Most often stars complain about monotony. For example, Bruce Willis has repeatedly stated that he hates giving interviews, including because journalists ask the same questions. And Quentin Tarantino once got terribly angry when a journalist from the British Channel Four News Krishnan Guru-Murphy asked about the connection between violence in his films and violence in life. Tarantino said that he had been answering such questions since the beginning of his career and was not going to voice his opinion again. As a result, the interview turned into an aggressive verbal altercation.

Of course, such stories become high-profile, they are discussed a lot, videos are watched and commented on. And yet, it is unlikely that anyone would want to voluntarily be in the interviewer’s shoes at that very moment. So look for a fresh perspective on the topic, in general, make the questions interesting for the interlocutor. Try to think of the structure of your interview as a diagram: from soft questions to hard ones.

You also don’t need to ask the interlocutor obvious things. For example, where or what he works on, what his hobbies and family are, etc. Finding such information is part of the preparation for the interview. It is necessary to try to find out everything about the hero’s biography from open sources as much as possible. And only the things that the hero has never talked about you can specify.

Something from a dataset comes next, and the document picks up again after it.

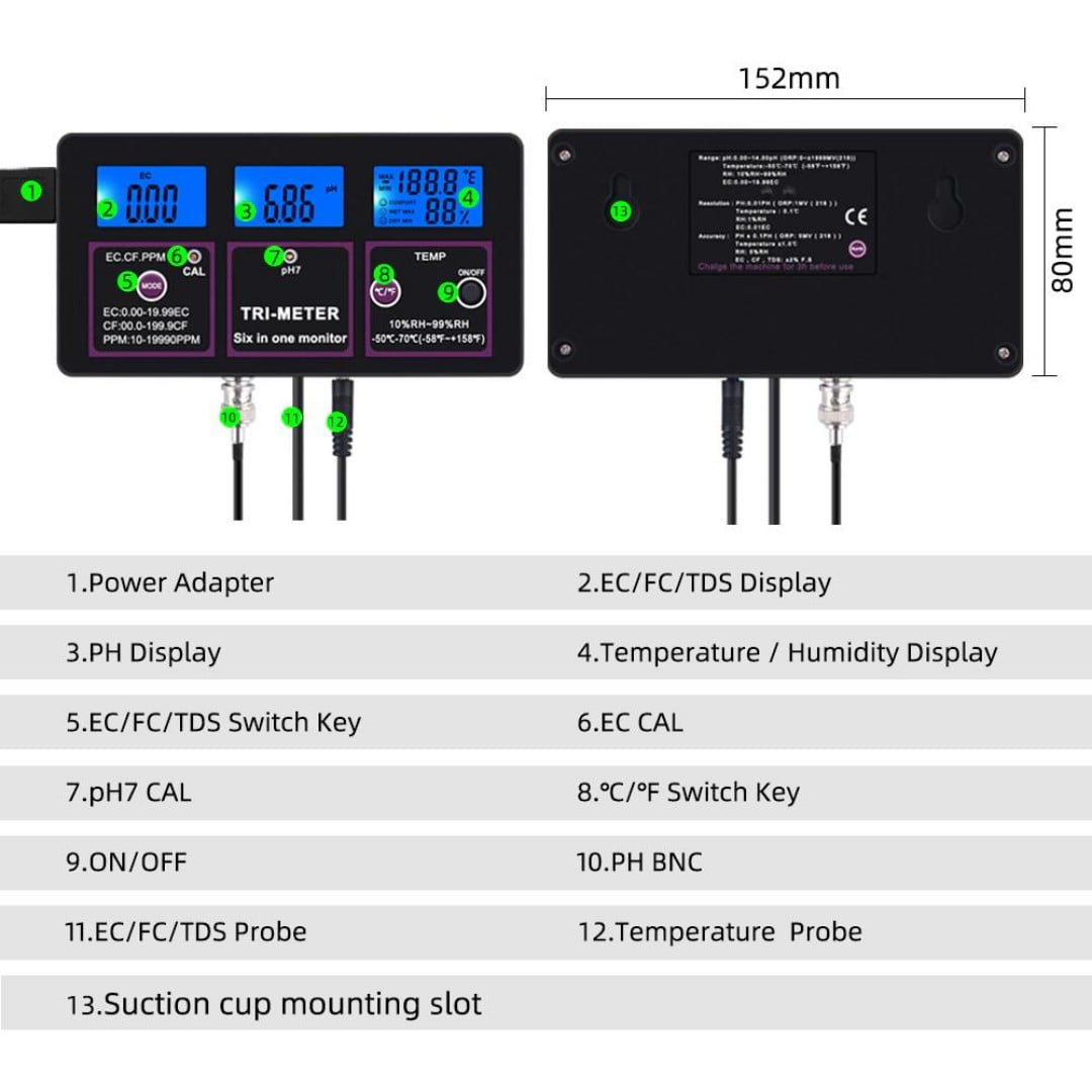 Este nuevo monitor de calidad del agua es una herramienta profesional y necesaria para probar PH / Temperature / EC / CF / RH / TDS de su nivel de solución. Adecuado para piscina de acuario, laboratorio y agua ambiental.

Prepare some “just in case” questions

What to do if your interlocutor is verbose, gives short and one-word answers? Formulate in advance a few additional questions for the interview “just in case”. They will save the conversation and possibly help you get the character to talk. For example, ask the interviewee’s opinion about a recently released film or book.

Use useful tools

You don’t have to reinvent the wheel when preparing interview questions, but you can use what others have already invented before you. For example, the rules of Canadian journalist and scholar John Sawatsky. Over many years, Sawatsky, together with his students, studied various interviews and analyzed them. As a result, he formulated three rules for good questions and made a list of the interviewer’s “Seven Deadly Sins.”

The three rules of good questions are

  1. open-ended
  2. Neutral
  3. Short and uncomplicated to understand
    “The Seven Deadly Sins” by John Sawatsky.